Reproduce only the lines below from the line containing "Sebuah ruang yang" to the line containing "A box vase arrangement", exactly as written, with both end lines kept. Omit the pictures.

Exercise material.
◆ ◆ ◆ ◆

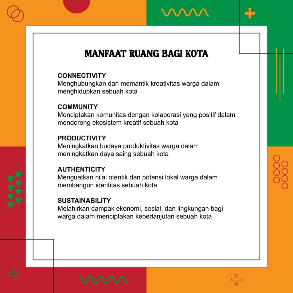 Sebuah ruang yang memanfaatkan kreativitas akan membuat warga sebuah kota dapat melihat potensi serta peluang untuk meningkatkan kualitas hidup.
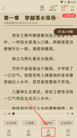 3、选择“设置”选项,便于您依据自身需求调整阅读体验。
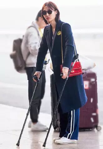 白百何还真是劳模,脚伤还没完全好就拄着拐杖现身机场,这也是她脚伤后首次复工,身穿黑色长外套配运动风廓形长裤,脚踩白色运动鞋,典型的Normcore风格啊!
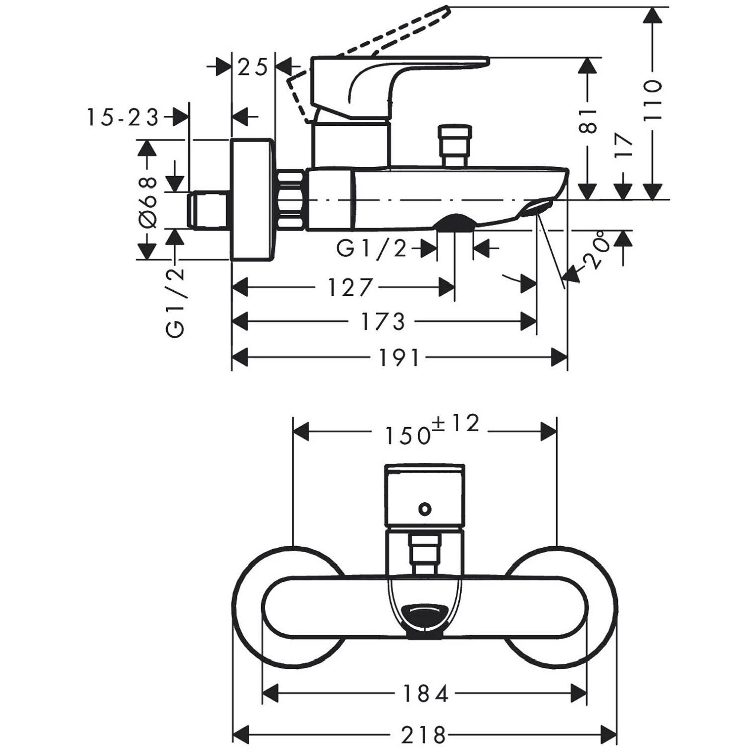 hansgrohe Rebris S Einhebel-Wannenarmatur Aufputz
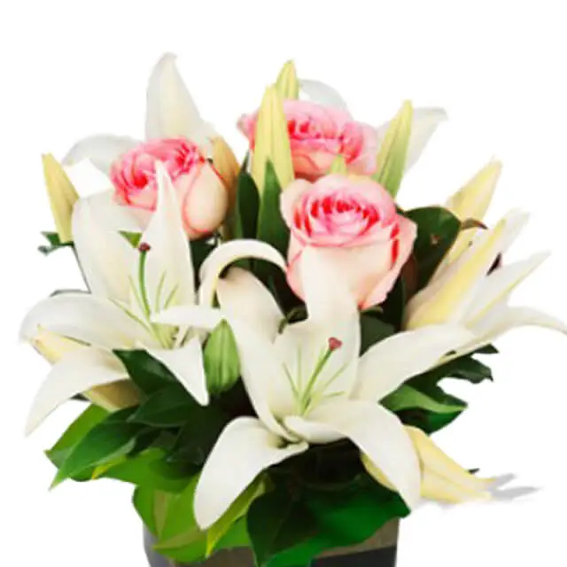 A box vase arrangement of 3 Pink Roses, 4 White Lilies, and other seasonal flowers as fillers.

◆ ◆ ◆ ◆

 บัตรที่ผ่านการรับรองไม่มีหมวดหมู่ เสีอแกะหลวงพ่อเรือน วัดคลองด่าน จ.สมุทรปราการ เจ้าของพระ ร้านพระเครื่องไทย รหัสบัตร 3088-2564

◆ ◆ ◆ ◆

Result of this task.
 Sebuah ruang yang memanfaatkan kreativitas akan membuat warga sebuah kota dapat melihat potensi serta peluang untuk meningkatkan kualitas hidup.
 3、选择“设置”选项,便于您依据自身需求调整阅读体验。
 白百何还真是劳模,脚伤还没完全好就拄着拐杖现身机场,这也是她脚伤后首次复工,身穿黑色长外套配运动风廓形长裤,脚踩白色运动鞋,典型的Normcore风格啊!
 hansgrohe Rebris S Einhebel-Wannenarmatur Aufputz
 A box vase arrangement of 3 Pink Roses, 4 White Lilies, and other seasonal flowers as fillers.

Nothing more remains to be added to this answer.